Data Science, Workflows, AI, Search/6 minutes read
Bigdata Briefs is a service with a simple job: given a company and a date, generate a short list of novel, materially relevant bullet points about that company.

GitHub

Setup, configuration, and API reference

Web App

Try it live: real companies, real briefs, updated daily.
The first version worked by running each entity through a fixed set of research topics and applying a novelty filter on top. Building on that foundation, we designed a second version with three specific improvements. First, we wanted retrieval to adapt to each entity rather than lean on a fixed taxonomy. The topics and concepts driving the search should reflect what is actually happening in the news for that specific company at that moment, built on the fly instead of pulled from a predefined list. Second, novelty is inherently non-binary: a topic may recur over time while still containing incremental but meaningful developments. Capturing these degrees of novelty requires more than a simple duplicate-or-not decision, as the relevance and significance of new information often depend on context. Because modern reasoning models can reliably determine whether two facts convey the same underlying information despite differences in phrasing, while also assessing their relative relevance, they are the right tool for this evaluation. This enables a nuanced assessment of novelty that rule-based filters cannot easily provide. Third, we wanted a novelty system that works reliably without requiring previous runs to exist, so coverage on a new entity is solid from day one. To get there, novelty is checked at the news level rather than against prior bullet points. This post explains how each of those three pieces works in practice.

The Three Improvements

1. What to search for

A single broad query returns results that cluster around whatever dominated the news flow. If there was a product announcement, those chunks crowd out the supply chain story, the regulatory development, and the executive commentary that happened in the same period. The service avoids this by separating discovery from retrieval. A broad exploratory pass runs first to understand which themes are active for this entity in this window. An LLM then identifies up to five distinct topic areas from those results, each with the specific concepts that matter within it. Targeted retrieval runs separately per theme, so the evidence going into each section of the brief reflects what actually happened across all areas, not just the most-covered one.

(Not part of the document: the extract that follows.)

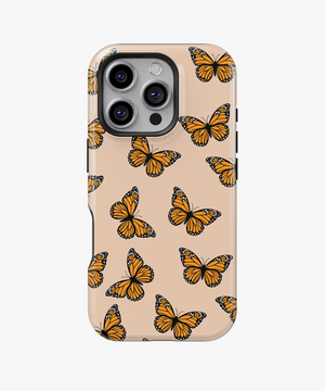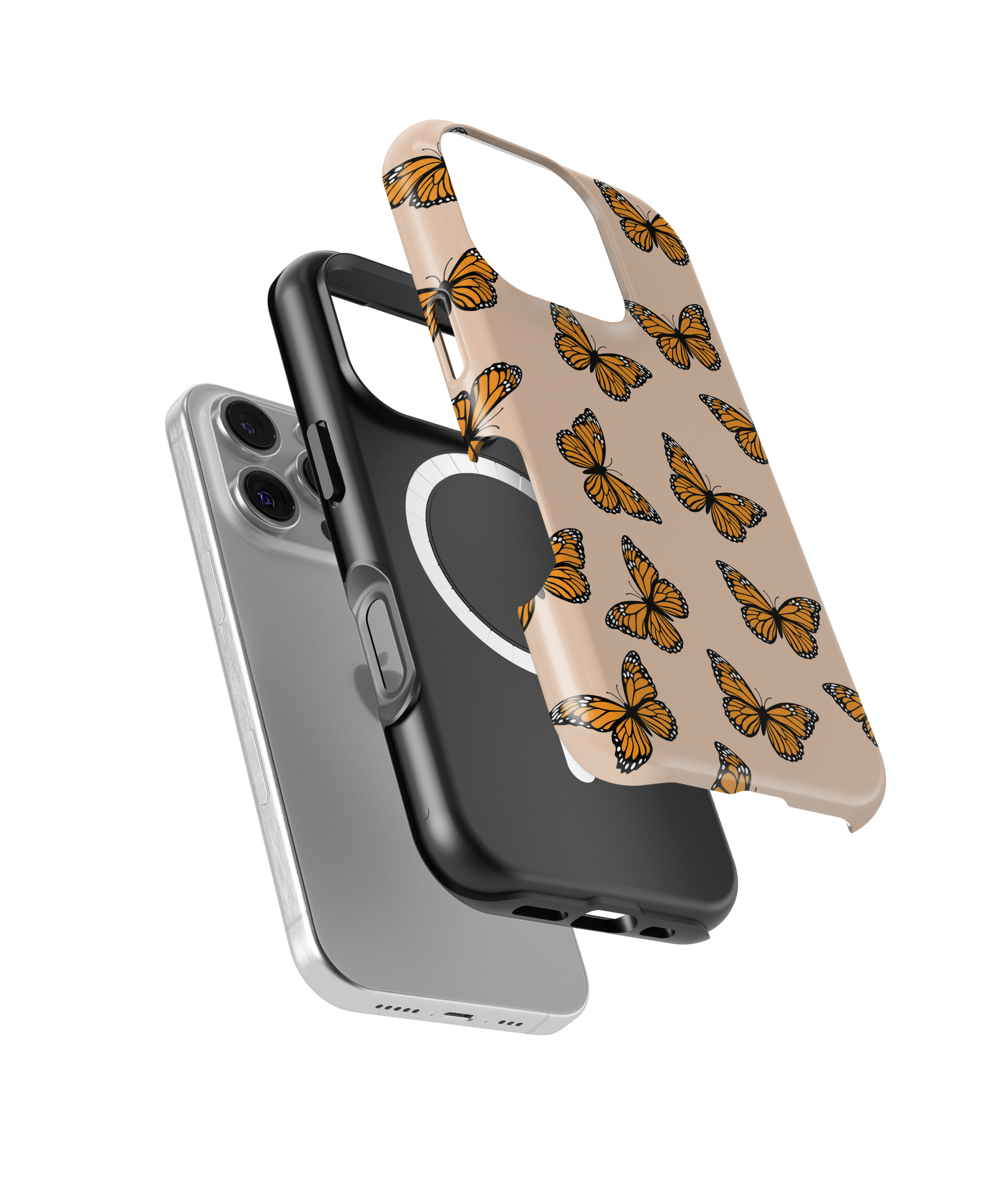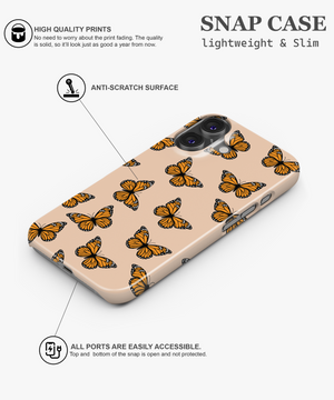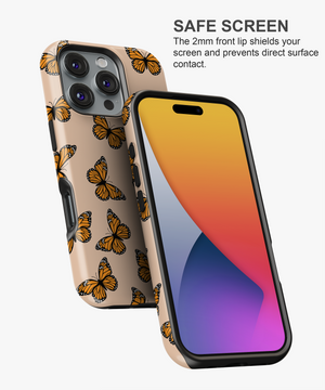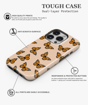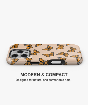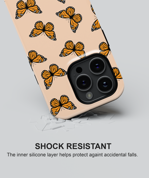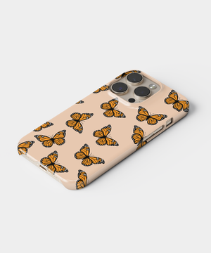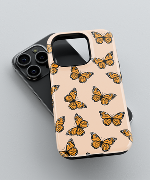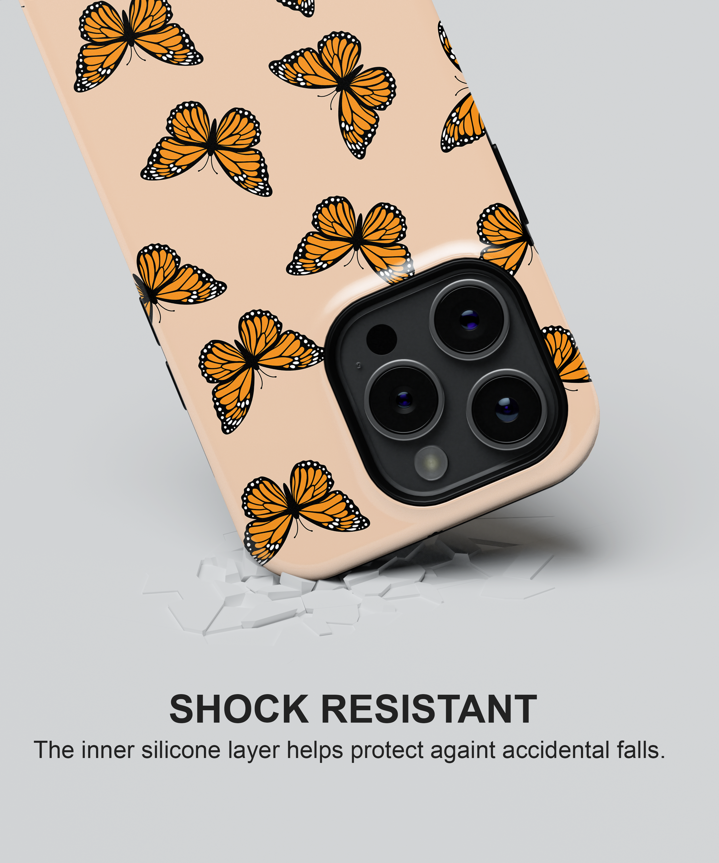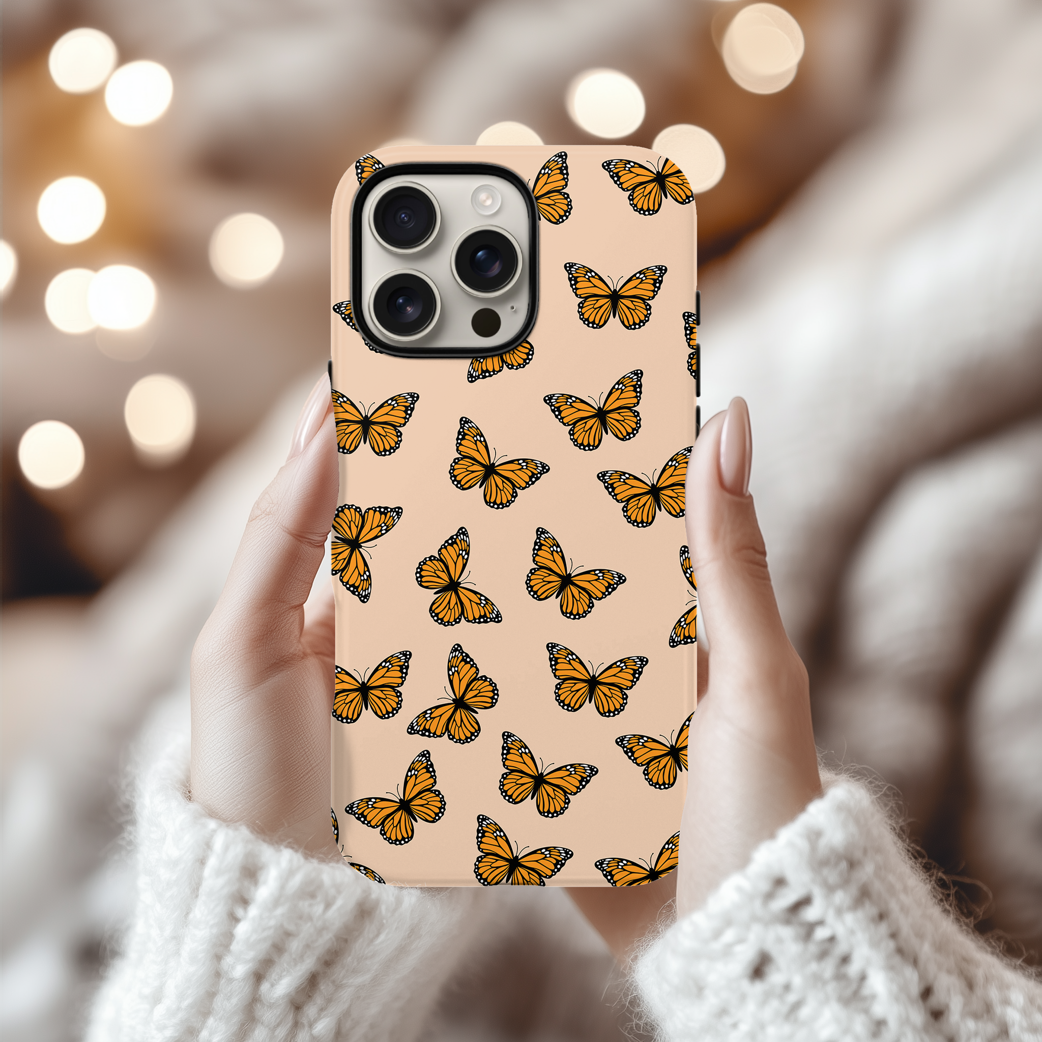 This cute monarch butterfly phone case has bright orange butterflies on a soft peach background. It is perfect for girls and nature lovers who want an aesthetic, stylish, and protective phone cover for daily use. Gift ideas for her.

2. How to keep bullets from repeating each other

Each theme gets its own generation step: the LLM reads that theme’s evidence and writes its bullets. Bullets from earlier themes are passed into the prompt so the model avoids repeating the same information. Evidence naturally overlaps across themes, so without this cross-theme hint the same fact can surface twice, phrased differently but carrying the same information. Every generated bullet is then scored for relevance on a 1-to-5 scale, based on its actionability, materiality, and direct impact on the entity. Bullets that don’t clear the threshold are dropped before the novelty stage runs.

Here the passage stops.